Have you tried calling Salomon customer service? 

It's a crazy idea, but so crazy it just might work.


----------



## slyder (Jan 18, 2010)

NO I didn't and I know I should but being Sat. probably closed. 
Gonna also call our local shops to see if they sell replacement parts.

My post was to see how others handled this. IE: calling manufacturer, replacing boot, cutting and tying manually etc...

Off Salomon's web site
7. How do I get parts for my Salomon product ?
Salomon has more than 100,000 parts in stock that can be ordered through an Authorized Salomon Dealer. Dealer locator: http://direct.where2getit.com/cwc/apps/w2gi.php?template=search&client=salomon​

-Slyder


----------



## MunkySpunk (Jan 7, 2009)

Got a Joanne's fabric or craft/hobby/fabric store around?

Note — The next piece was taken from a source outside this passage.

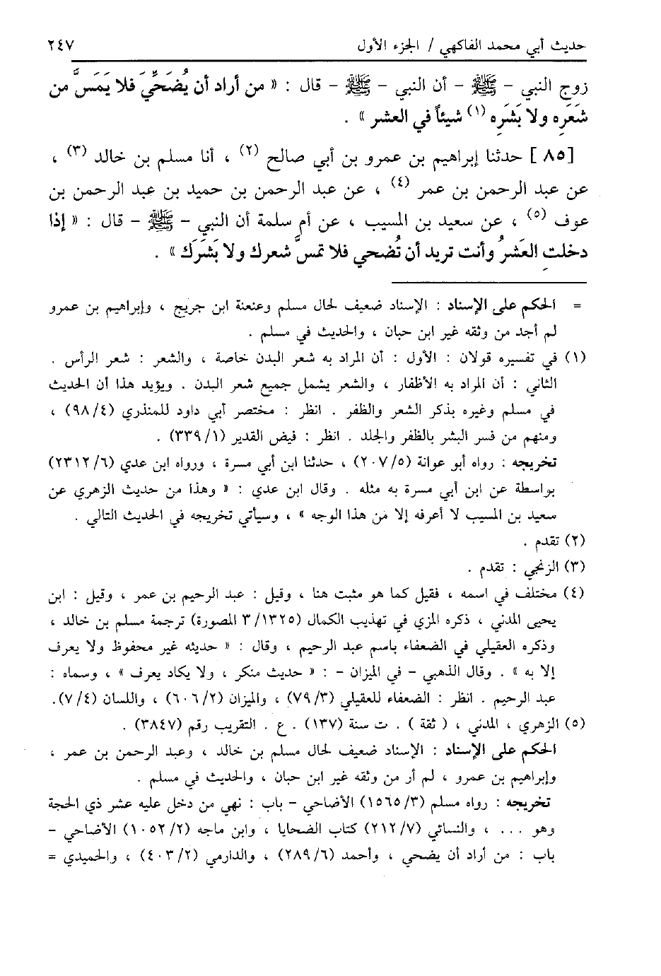 85 - حَدَّثَنَا إِبْرَاهِيمُ بْنُ عَمْرِو بْنِ أَبِي صَالِحٍ، أنا مُسْلِمُ بْنُ خَالِدٍ، عَنْ عَبْدِ الرَّحْمَنِ بْنِ عُمَرَ، عَنْ عَبْدِ الرَّحْمَنِ بْنِ حُمَيْدِ بْنِ عَبْدِ الرَّحْمَنِ بْنِ عَوْفٍ، عَنْ سَعِيدِ بْنِ الْمُسَيِّبِ، عَنْ أُمِّ سَلَمَةَ، أَنَّ النَّبِيَّ صَلَّى اللهُ عَلَيْهِ وَسَلَّمَ قَالَ: «§إِذَا دَخَلْتِ الْعَشْرُ وَأَنْتَ تُرِيدُ أَنْ تُضْحِيَ فَلَا تَمَسَّ شَعْرَكَ وَلَا بَشَرَكَ»
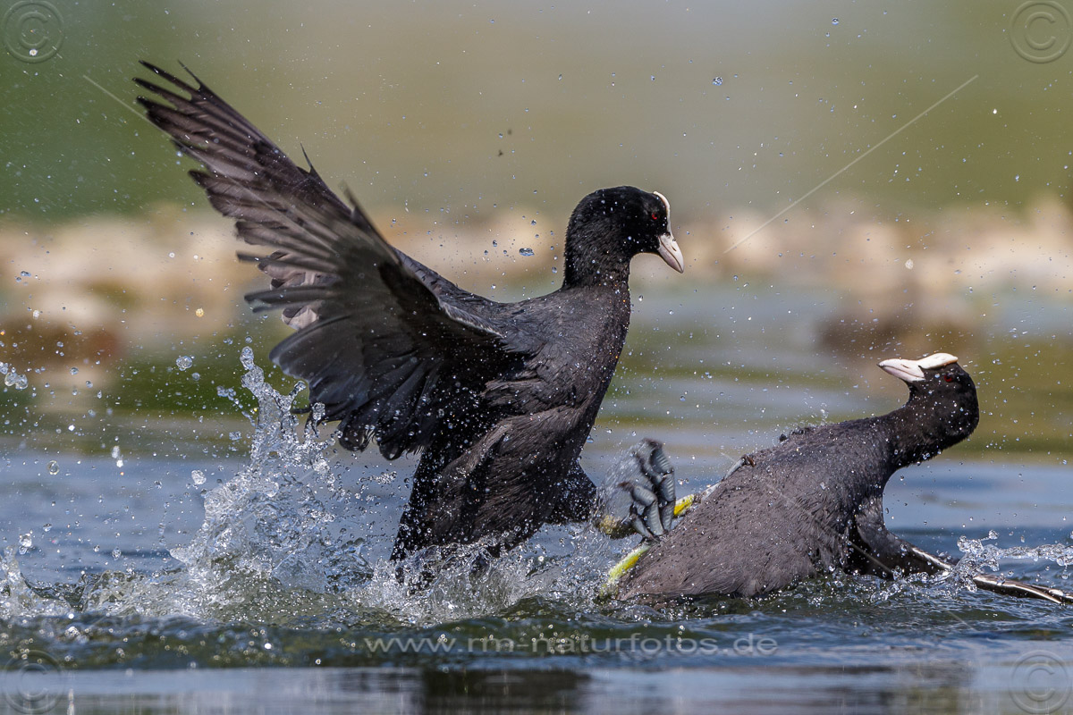 Bläßhühner (Fulica atra) streiten sich

Search in the 'Notions' section of the sewing area.


----------



## BurtonAvenger (Aug 14, 2007)

Don't waste your time calling Salomon they will just send you to an authorized Salomon dealer.


----------



## slyder (Jan 18, 2010)

I found a dealer REI. Called them talked with a guy, explained what part. He said he had to look them up, took my ph# called me back :thumbsup:, $10 each bought 2, plus the cords. Should be here Fri, going to the slopes Sat. Great customer service from REI on this, was painless and fast

-Slyder


----------



## slyder (Jan 18, 2010)

My cords and locks came in today. 

Sweet $8.50 for 2 new cords and 2 locks, and 10 minutes to install them. Very happy, and my buddy says my boy can keep the boots. They are to small for him :thumbsup:

-Slyder


----------